■ **How to complete this task**:
Your answer must hold only the lines below from the line containing "Constructed from lightweight" through the line containing "以往美國的所有歷史,都發生在", each reproduced exactly.

■ **Dataset entries**:
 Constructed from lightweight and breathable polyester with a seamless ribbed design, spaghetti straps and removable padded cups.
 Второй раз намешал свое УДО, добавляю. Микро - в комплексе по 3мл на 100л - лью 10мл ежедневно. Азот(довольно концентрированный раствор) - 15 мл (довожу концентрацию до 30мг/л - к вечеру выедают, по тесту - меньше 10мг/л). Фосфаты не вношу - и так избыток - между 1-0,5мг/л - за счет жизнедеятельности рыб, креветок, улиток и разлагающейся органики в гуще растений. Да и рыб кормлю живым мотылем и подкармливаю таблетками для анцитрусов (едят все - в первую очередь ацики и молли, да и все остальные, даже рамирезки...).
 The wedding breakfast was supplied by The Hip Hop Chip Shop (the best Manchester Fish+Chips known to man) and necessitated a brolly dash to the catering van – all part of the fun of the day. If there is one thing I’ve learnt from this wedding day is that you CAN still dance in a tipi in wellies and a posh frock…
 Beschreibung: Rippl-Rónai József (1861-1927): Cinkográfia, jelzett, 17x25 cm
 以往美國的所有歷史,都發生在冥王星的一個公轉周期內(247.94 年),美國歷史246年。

...

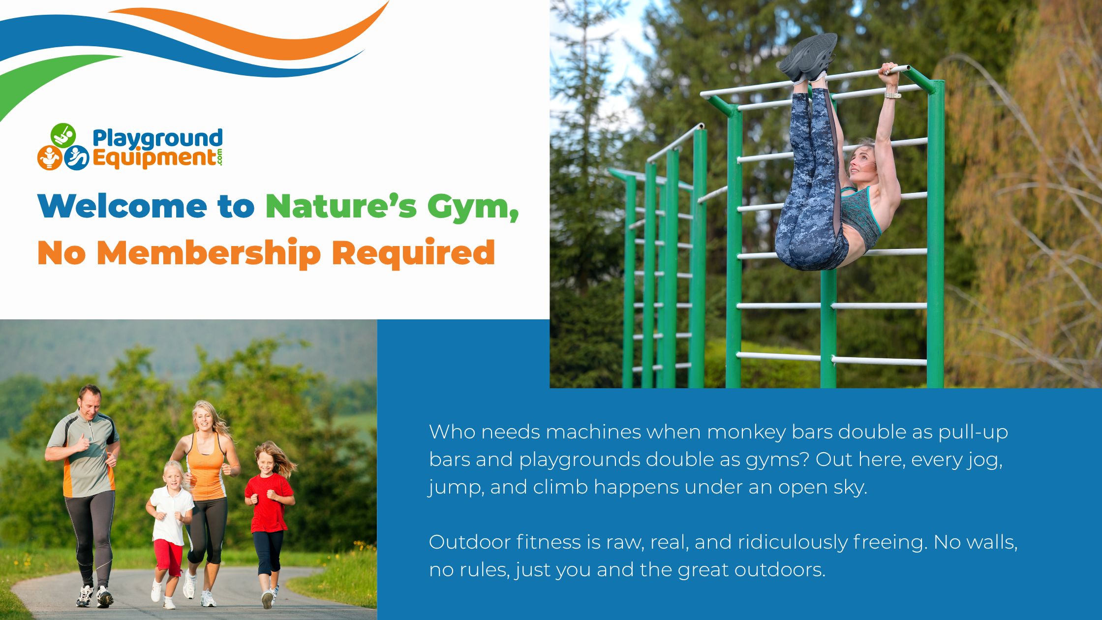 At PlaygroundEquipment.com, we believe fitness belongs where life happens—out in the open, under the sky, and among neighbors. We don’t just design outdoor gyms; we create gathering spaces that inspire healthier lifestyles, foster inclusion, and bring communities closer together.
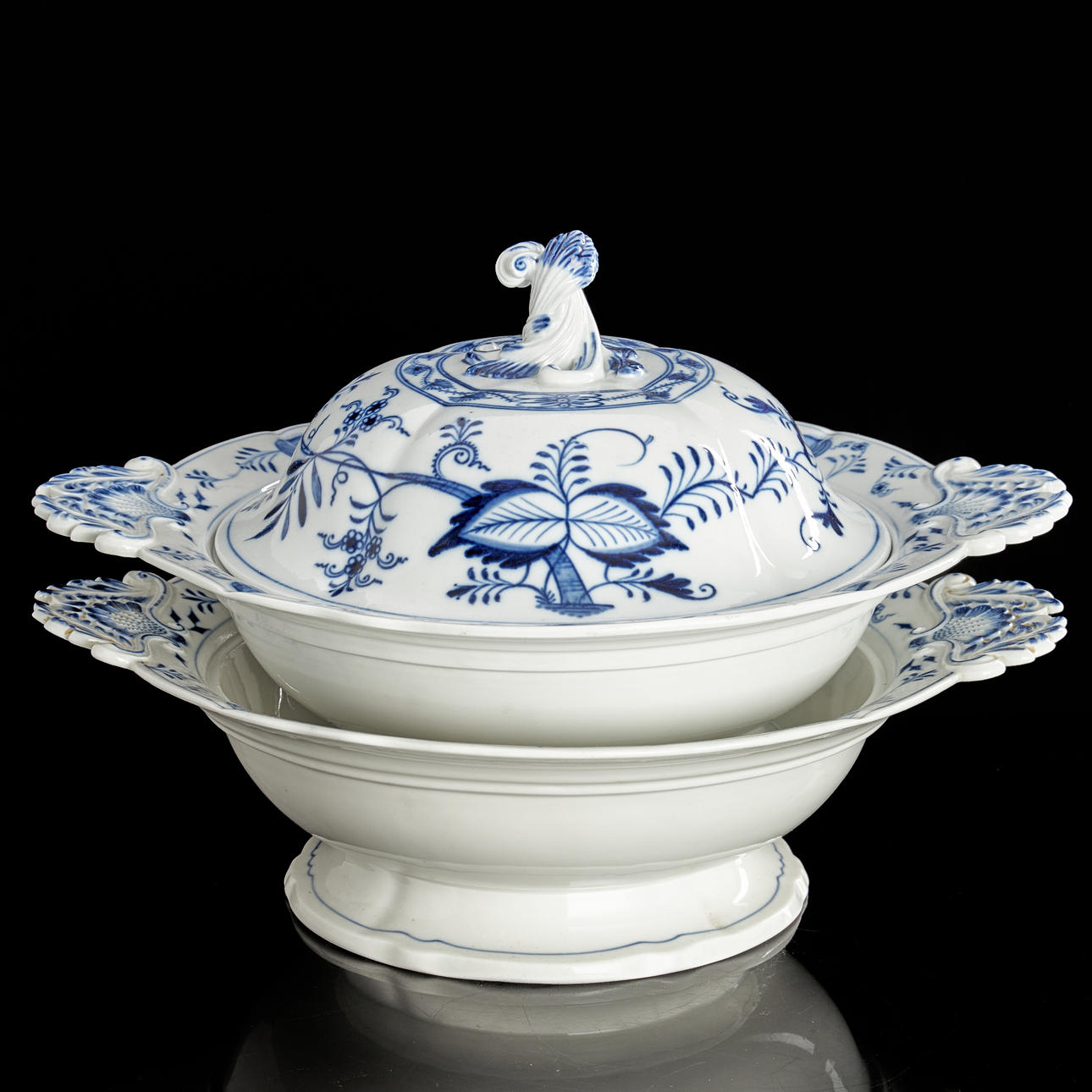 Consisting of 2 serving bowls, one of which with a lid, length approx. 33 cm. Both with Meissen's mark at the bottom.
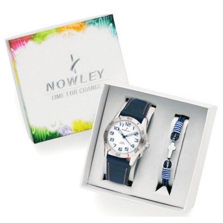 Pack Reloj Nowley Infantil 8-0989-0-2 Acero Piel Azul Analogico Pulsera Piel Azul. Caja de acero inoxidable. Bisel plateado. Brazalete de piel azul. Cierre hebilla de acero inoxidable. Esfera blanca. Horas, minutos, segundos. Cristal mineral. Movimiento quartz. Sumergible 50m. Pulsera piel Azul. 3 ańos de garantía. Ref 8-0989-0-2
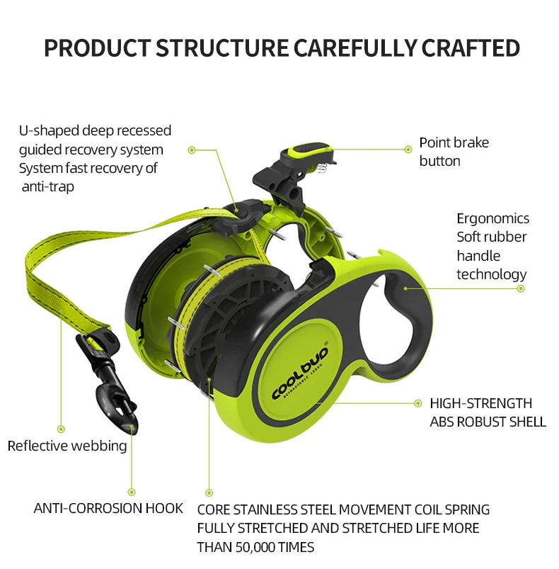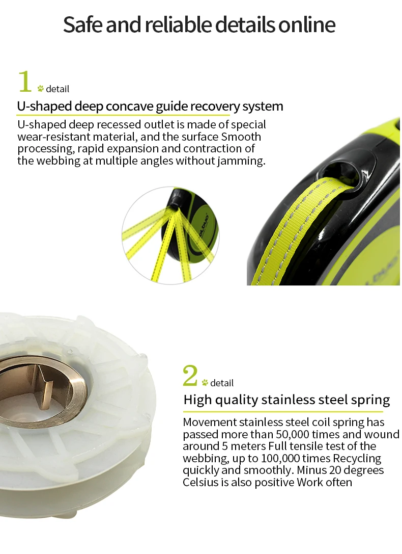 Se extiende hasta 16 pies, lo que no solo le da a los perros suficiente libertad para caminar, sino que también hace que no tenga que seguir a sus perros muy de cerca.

...

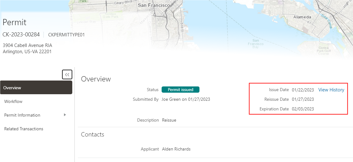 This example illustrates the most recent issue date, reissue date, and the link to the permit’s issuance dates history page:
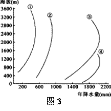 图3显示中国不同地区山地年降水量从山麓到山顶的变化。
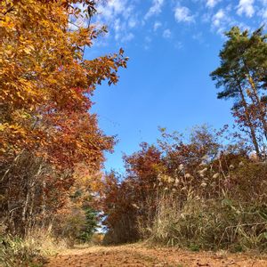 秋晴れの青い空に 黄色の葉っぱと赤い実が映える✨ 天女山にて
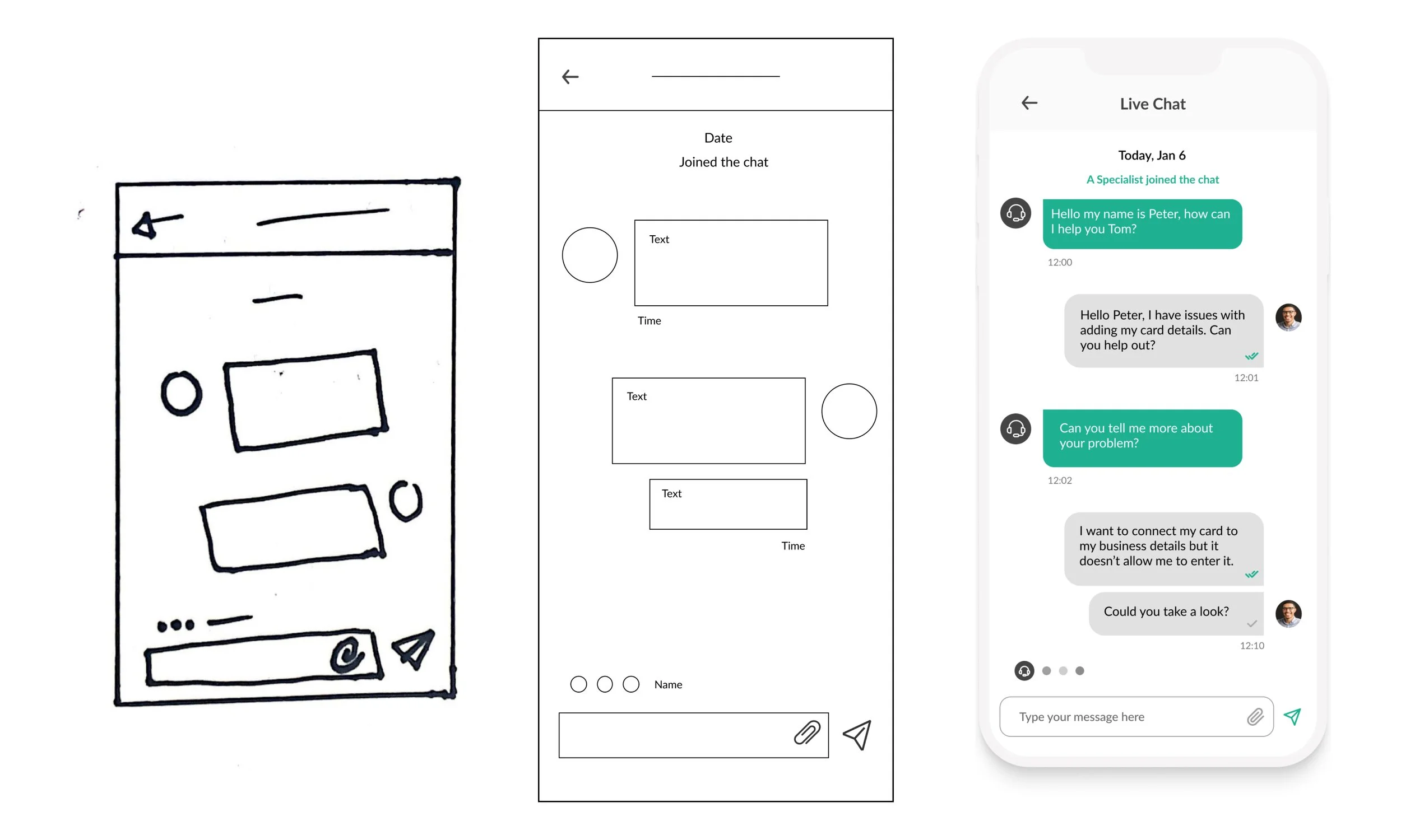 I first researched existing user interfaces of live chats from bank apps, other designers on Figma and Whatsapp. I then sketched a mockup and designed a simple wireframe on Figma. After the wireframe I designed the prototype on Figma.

■ **Answer to this task**:
 Constructed from lightweight and breathable polyester with a seamless ribbed design, spaghetti straps and removable padded cups.
 Второй раз намешал свое УДО, добавляю. Микро - в комплексе по 3мл на 100л - лью 10мл ежедневно. Азот(довольно концентрированный раствор) - 15 мл (довожу концентрацию до 30мг/л - к вечеру выедают, по тесту - меньше 10мг/л). Фосфаты не вношу - и так избыток - между 1-0,5мг/л - за счет жизнедеятельности рыб, креветок, улиток и разлагающейся органики в гуще растений. Да и рыб кормлю живым мотылем и подкармливаю таблетками для анцитрусов (едят все - в первую очередь ацики и молли, да и все остальные, даже рамирезки...).
 The wedding breakfast was supplied by The Hip Hop Chip Shop (the best Manchester Fish+Chips known to man) and necessitated a brolly dash to the catering van – all part of the fun of the day. If there is one thing I’ve learnt from this wedding day is that you CAN still dance in a tipi in wellies and a posh frock…
 Beschreibung: Rippl-Rónai József (1861-1927): Cinkográfia, jelzett, 17x25 cm
 以往美國的所有歷史,都發生在冥王星的一個公轉周期內(247.94 年),美國歷史246年。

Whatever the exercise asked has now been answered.